- **EXERCISE REQUIREMENTS**: For the material below, output exactly the span from the line with "Coach Landon Pink" to the line with "At the time", including both, and nothing besides.

- **AVAILABLE DATA**:
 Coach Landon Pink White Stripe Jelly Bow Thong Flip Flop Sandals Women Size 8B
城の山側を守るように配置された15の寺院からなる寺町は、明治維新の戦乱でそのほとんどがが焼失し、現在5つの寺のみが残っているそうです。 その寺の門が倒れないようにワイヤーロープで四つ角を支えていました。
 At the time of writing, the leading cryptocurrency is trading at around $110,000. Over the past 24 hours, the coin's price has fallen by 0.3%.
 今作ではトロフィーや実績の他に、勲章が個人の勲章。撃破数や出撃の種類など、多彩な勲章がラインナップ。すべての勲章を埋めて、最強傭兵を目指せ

--

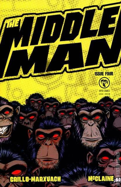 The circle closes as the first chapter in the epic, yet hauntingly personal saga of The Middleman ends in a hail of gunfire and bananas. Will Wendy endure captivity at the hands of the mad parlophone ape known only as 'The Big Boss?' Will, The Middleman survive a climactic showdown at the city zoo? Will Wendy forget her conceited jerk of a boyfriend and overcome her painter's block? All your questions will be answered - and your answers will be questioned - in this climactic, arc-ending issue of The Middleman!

- **YOUR SOLUTION**:
 Coach Landon Pink White Stripe Jelly Bow Thong Flip Flop Sandals Women Size 8B
城の山側を守るように配置された15の寺院からなる寺町は、明治維新の戦乱でそのほとんどがが焼失し、現在5つの寺のみが残っているそうです。 その寺の門が倒れないようにワイヤーロープで四つ角を支えていました。
 At the time of writing, the leading cryptocurrency is trading at around $110,000. Over the past 24 hours, the coin's price has fallen by 0.3%.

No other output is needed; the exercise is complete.